? is bags or t-bags slang for scrotum?
jesus mom
Doug is wearing your sports bra fyi
remember that time i ran away from the bar and passed out in a street cot?
neither do i
she's like the human form of herpes, as soon as you think she's gone for good you have another out break.
Actually, all he talks about is how great the sex is with her and how crappy you were at it. Stop being a bitch and gossiping masking it as self-righteousness.
Matt just took me to visit my puke stain from 2 weeks ago at the train station...I'm fucking impressive
Hey couldn't find water bottle to put margs in whole bottle in purse gonna stop and get cups and ice from starbucks and burrito from una mas want a quesadilla
Post a pic on facebook and see if those same 46 girls find shitting in the bed handsome and adorable
I have a gyno appt today.

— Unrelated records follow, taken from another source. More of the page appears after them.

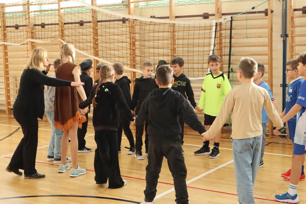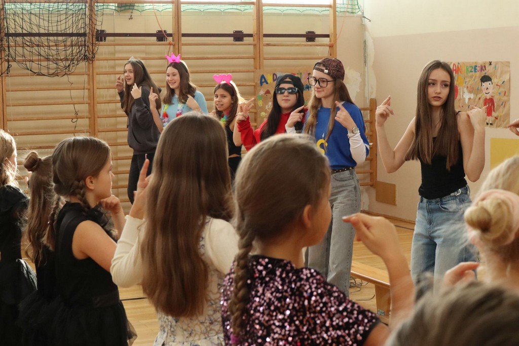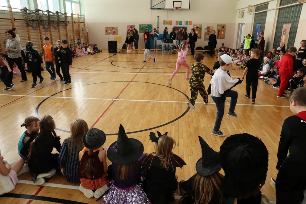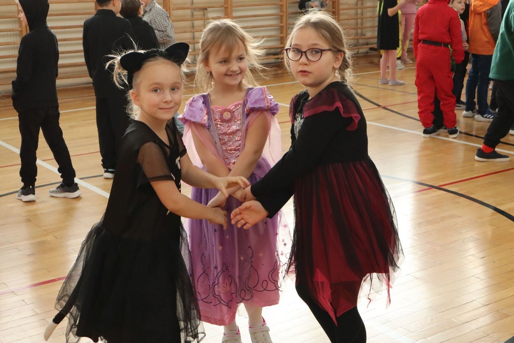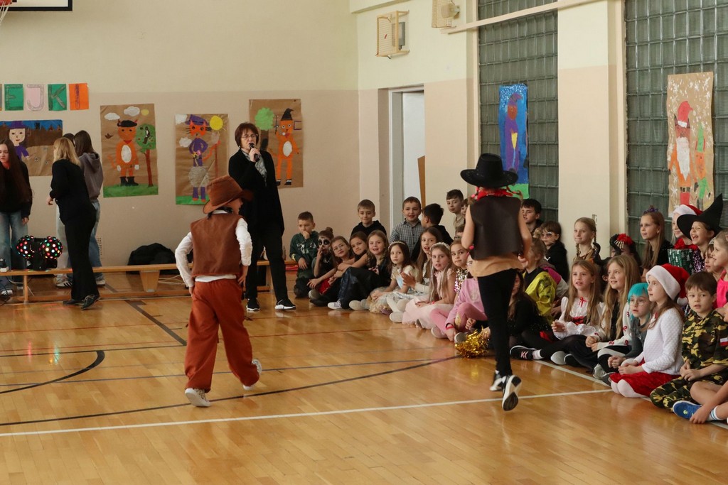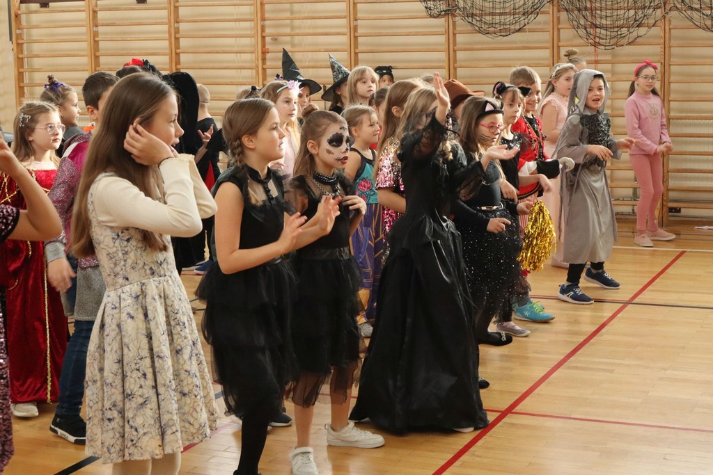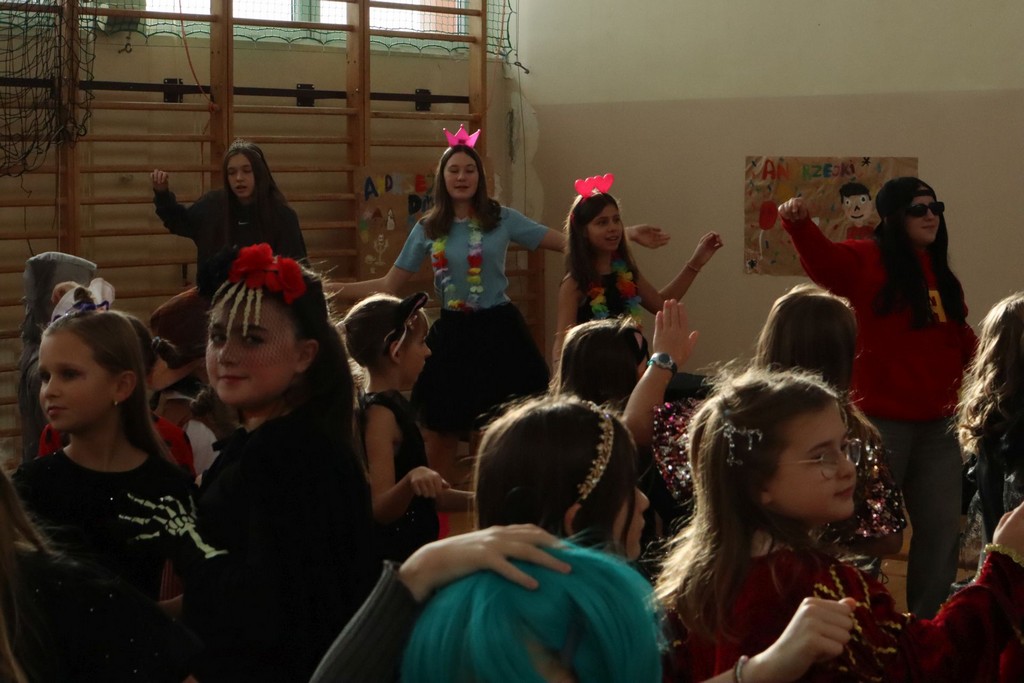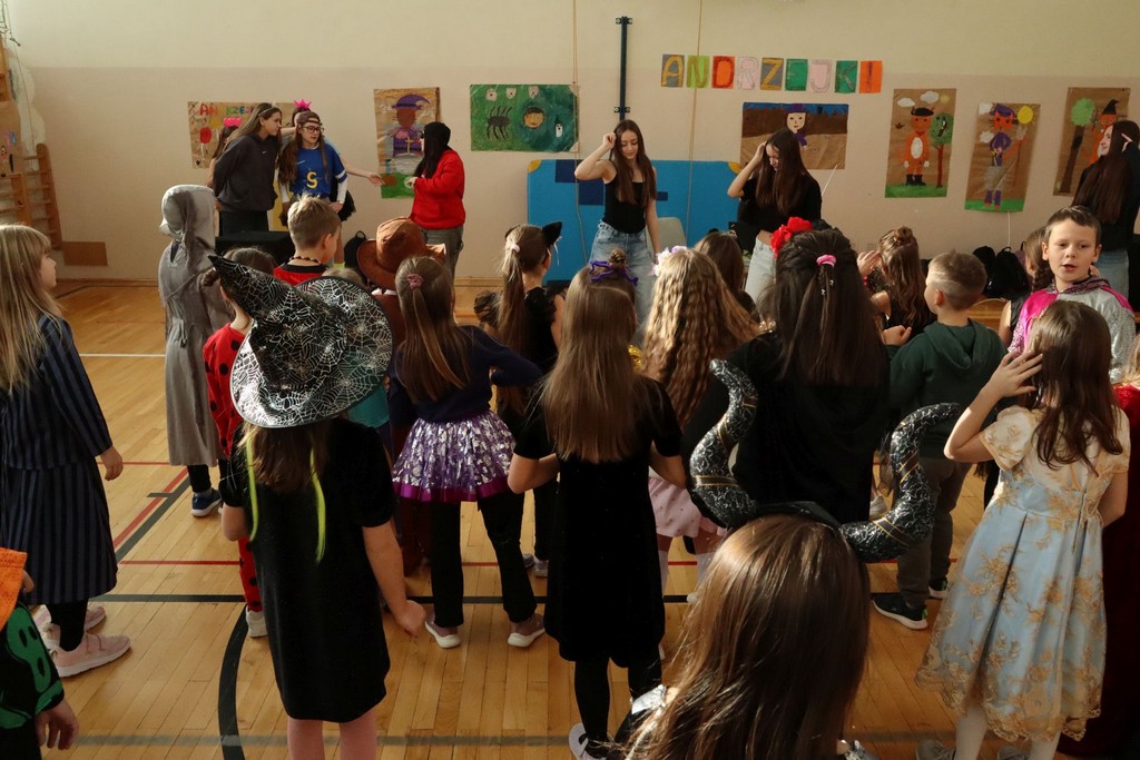 Zabawa rozpoczęła się wspólnymi tańcami i integracyjnymi animacjami, które szybko wprowadziły wszystkich w radosny andrzejkowy nastrój. Uczniowie chętnie uczestniczyli w zabawach ruchowych i konkursach, a muzyka i kolorowe stroje dodawały energii całemu wydarzeniu.
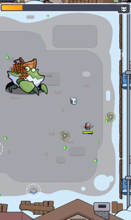 第63关的核心挑战在于应对BOSS63狗熊的双形态攻击机制。该BOSS拥有远程炮塔攻击和近战冲锋两种模式,远程攻击范围较大且附带溅射效果,需优先规避红色预警区域;近战阶段则需保持高频移动,利用场景中的障碍物阻断其直线冲锋路径。
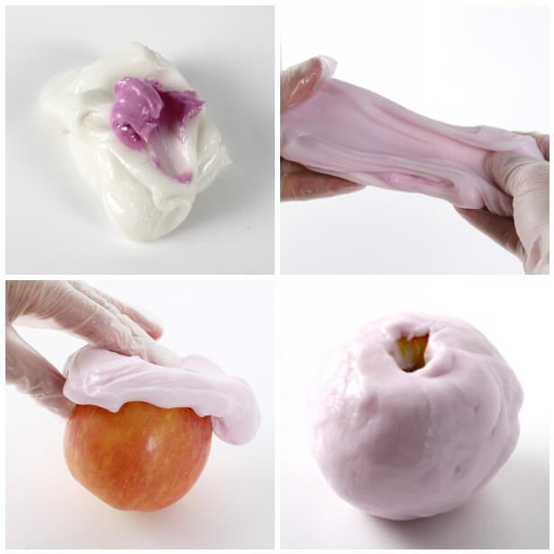 Molding the Apple: Carefully form the putty around your Apple. Really press the putty into the apple to ensure that you get all of the realistic details and to release any air bubbles. Make sure there are no holes in the putty that the soap could potentially leak through. Leave a really small hole at the top of the apple. We’ll trim the top up later so it doesn’t have to be pretty. While the putty is pliable, you have about a minute to work so work fast. Once fully formed, let the mold dry for about 30 minutes.
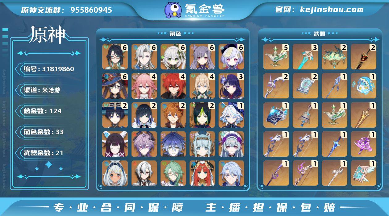 龙王6+1 闲云6+2 草神6+6 满命莫娜 满命77 满命刻晴,两命夜兰,三命雷神,一命水神。五个成型队伍爽玩,1.最新月感电队,2.龙王队 3.草神激化队 4.闲云下落重击队 5.3命雷神队 未绑定邮箱可放心
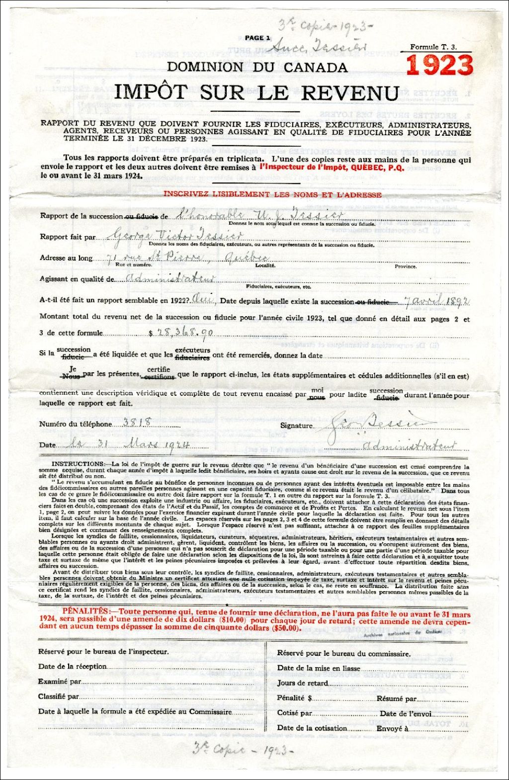 Rapport d'impôt sur le revenu de la succession d'Ulric-Joseph Tessier
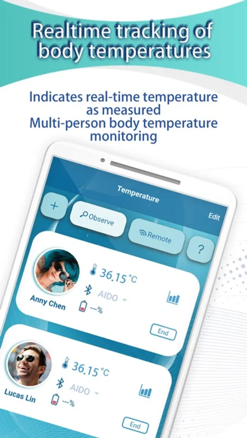 AIDO Temperature Monitor app paired with the AIDO Bluetooth Device, allows you to accurately monitor your, or someone else's, body temperature. It can also monitor multiple people's temperatures at the same time and alerts you when any recorded temperature is too high or too low, so you can conveniently care for family members or friends.

I hate it when the Army gets involved with my vagina.
I'm getting kicked out of the place we're at. They don't like ketchup on their walls..
my roommate had drunk sex above me in our bunk bed and then built me a fort to apologize the next day
i just cleaned my bong... I do not feel healthy
Just bought 2 liters of wine and frozen waffles for dinner. Is this 30?
honestly, fuck you guys. i'm gonna get drunk by myself
then he said the sex was mediocre and that it was because of me. and that we could try again tomorrow.
it was 100% mediocre because of him, and we will 100% not be trying again tomorrow.